Metadata discovery software vendor Silwood Technology has conducted research into five of the largest and most widely used application packages to understand the scale of the challenge encountered by their customers when locating personal data for GDPR compliance.
It is vital to perform this 'discovery' work for any GDPR project. Without a clear understanding of where personal data is located in each of the systems in an enterprise, it will not be a straightforward task to carry out any of the steps to reach GDPR compliance.
The research reveals that the task facing organizations in the coming few months is significant. In SAP alone there are over 900,000 fields that may (or may not) contain personal information that require data discovery and risk assessment. The size and complexity of the databases mean that businesses that are not well-advanced in data discovery or are undertaking manual discovery processes may not be ready on time for GDPR.
Using Safyr, Silwood Technology's metadata discovery software, the research team selected the top five application packages based on customer base and size – SAP, JD Edwards, Microsoft Dynamics AX 2012, Siebel and Oracle E-Business Suite. The terms Date of Birth and Social Security Number were selected for test purposes and searches performed to see how often they appeared.
The researchers using Safyr were able to conduct these searches across whole systems in just a few minutes.
This is due to Safyr's unique ability to retrieve metadata about each application from the application layer itself – including any customizations made by the customer.
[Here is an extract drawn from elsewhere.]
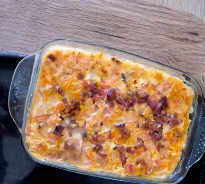 Em uma travessa grande, misture o macarrão cozido al dente com a maior parte do molho, deixando um pouco de molho para cobrir por cima. Adicione o presunto picado e metade do bacon crocante reservado. Misture bem para incorporar.
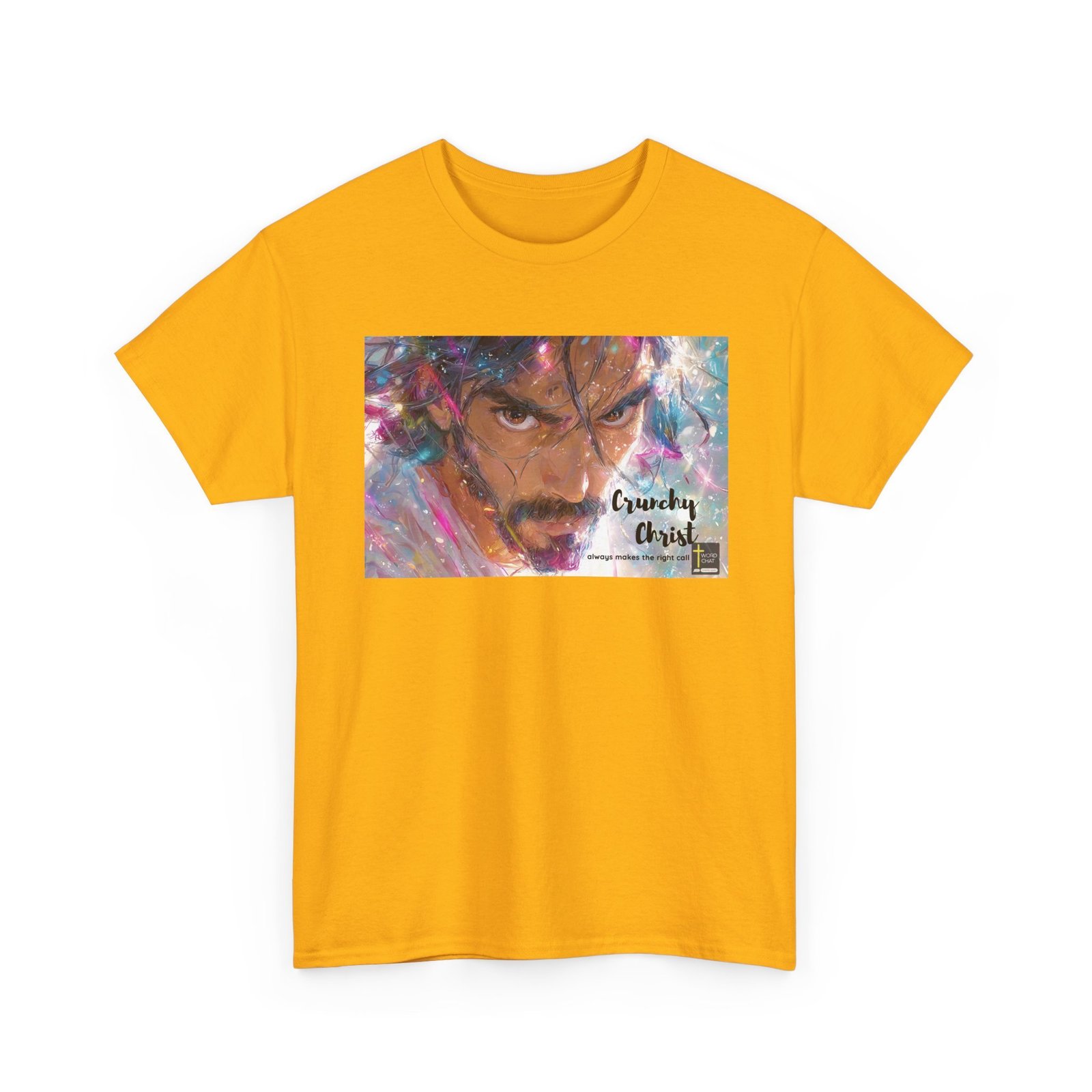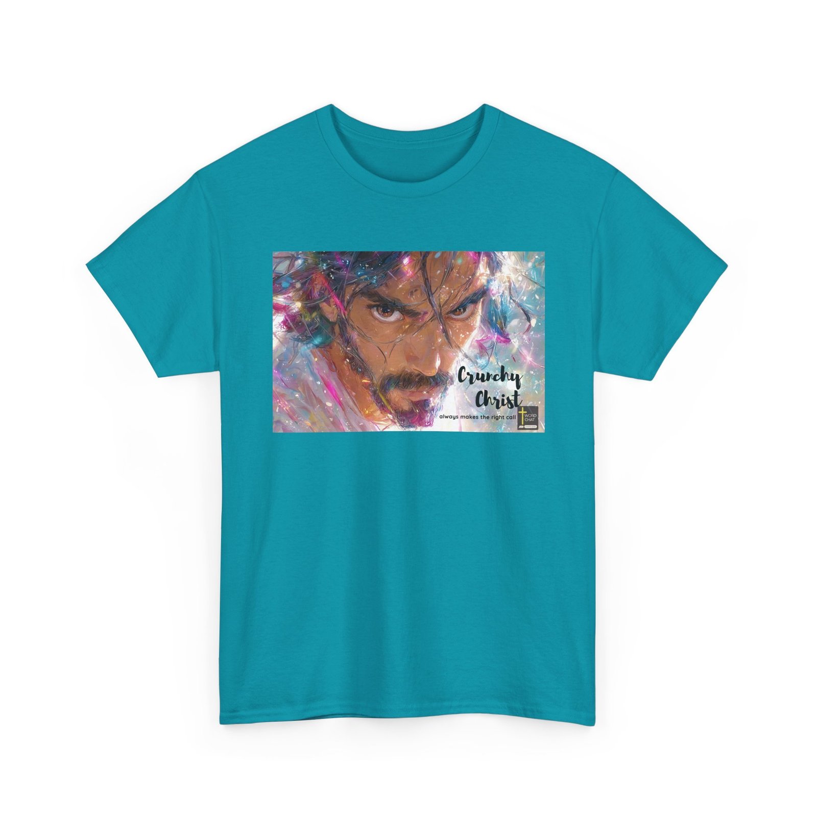 This vibrant digital artwork features a close-up portrait rendered in a dynamic, abstract style with swirling colors of pink, blue, and orange. The image depicts an intense facial expression with piercing eyes and a focused gaze, surrounded by energetic brush strokes and splashes of light. The artistic rendering creates a sense of movement and emotion, with colorful fragments seemingly exploding around the central figure. Text in the bottom right corner reads “Crunchy Christ” with a subtitle “always makes the right call”, adding an enigmatic element to the composition. The overall style blends hyperrealistic details with impressionistic, fluid color techniques, creating a powerful and visually striking portrait.

Safyr is designed specifically to make the discovery of metadata in ERP and CRM packages easy, fast and accurate.
Founder and Technical Director of Silwood Technology, Nick Porter, commented: "Whilst GDPR needs to be considered for any 'system' that potentially stores information about individuals (including paper-based systems), much of the data in a medium to large sized organization will be found in one or more of the major application packages from SAP, Oracle or Microsoft.
"With GDPR coming, those application packages that have been modified or customized will be the most difficult in which to locate personal data information. Whilst SAP is the biggest of the ERP vendors (exact figures are hard to come by, but it is generally accepted that there are around 30,000 SAP ERP customers), Oracle and Microsoft also have a significant presence."
What is Personal Data in GDPR terms?
The 'Data' in the General Data Protection Regulation is what the guidance calls Personal Data. For example, if a living individual can be identified from any data being processed, it is covered by GDPR. This might be a single piece of information, like a Social Security Number, or several pieces of data that can be combined to identify someone (e.g. Name and Date of Birth).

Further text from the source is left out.